PROBLEM DETAILS:
Every line from the one containing "仪式后刘银华教授做了上海理工" to the end of the records below should be returned exactly; pictures are to be dropped.

Records drawn from a dataset:
+===+
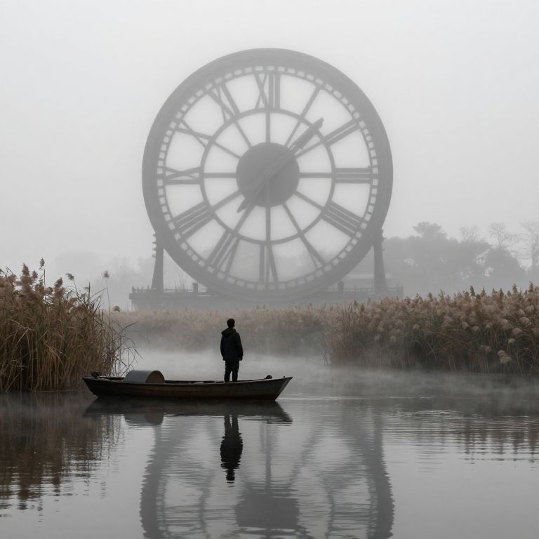 Photograph of a misty, tranquil scene featuring a large, imposing clock face in the background, partially obscured by fog. In the foreground, a solitary figure stands in a small wooden rowboat on a calm, reflective water surface. The person is dressed in dark clothing, silhouetted against the mist. Surrounding the water are tall, brownish reeds. The clock's large Roman numerals and metal structure are visible, creating a striking contrast with the misty, soft light. The overall mood is serene and slightly mysterious.
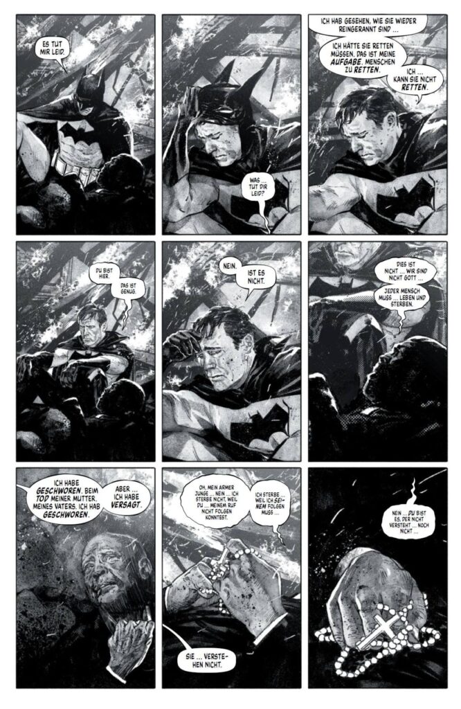 Ich bin versucht zu sagen, dass jedes Panel in „Batman: Schwarz und Weiß“ in der aktuellen Kurzgeschichtensammlung meisterhaft ist. Das wäre übertrieben, aber das Prinzip ist klar: „Batman“ setzt in Sachen Kurzgeschichte und Artwork mal wieder Maßstäbe. Das Niveau der Stories bleibt in seiner durchgehend großartigen und bisweilen atemberaubenden Ausführung unerreicht und verweist die Superheldenkonkurrenz deutlich in die Schranken. Der Verzicht auf Farben fördert eine grafische Vielfalt und Detailfülle an den Tag, die einfach nur Klasse ist.
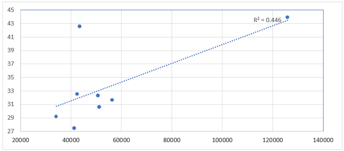Figure 7. Occupancy rate (%) and regional GDP per capita (national currency, lei), 2019.
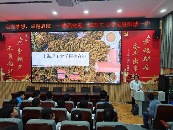 仪式后刘银华教授做了上海理工大学2024年的招生宣讲,分别从学校概况、院系专业、双创教育、升学就业前景、奖勤助贷体系等方面详细介绍了上海理工大学。
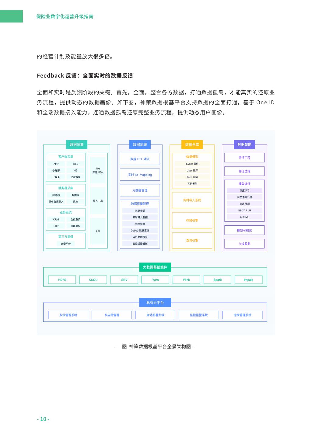 12 .保险业数字化运营升级指南 的经营计划及能量放大很多倍。 Feedback 反馈:全面实时的数据反馈 全面和实时是反馈阶段的关键。首先,全面,整合各方数据,打通数据孤岛,才能真实的还原业 务流程,提供动态的数据画像。如下图,神策数据根基平台支持数据的全面打通,基于 One ID 和全端数据接入能力,连通数据孤岛还原完整业务流程,提供动态用户画像。 — 图 神策数据根基平台全景架构图 — - 10 -
+===+
SOLUTION TO THIS EXERCISE:
 仪式后刘银华教授做了上海理工大学2024年的招生宣讲,分别从学校概况、院系专业、双创教育、升学就业前景、奖勤助贷体系等方面详细介绍了上海理工大学。
 12 .保险业数字化运营升级指南 的经营计划及能量放大很多倍。 Feedback 反馈:全面实时的数据反馈 全面和实时是反馈阶段的关键。首先,全面,整合各方数据,打通数据孤岛,才能真实的还原业 务流程,提供动态的数据画像。如下图,神策数据根基平台支持数据的全面打通,基于 One ID 和全端数据接入能力,连通数据孤岛还原完整业务流程,提供动态用户画像。 — 图 神策数据根基平台全景架构图 — - 10 -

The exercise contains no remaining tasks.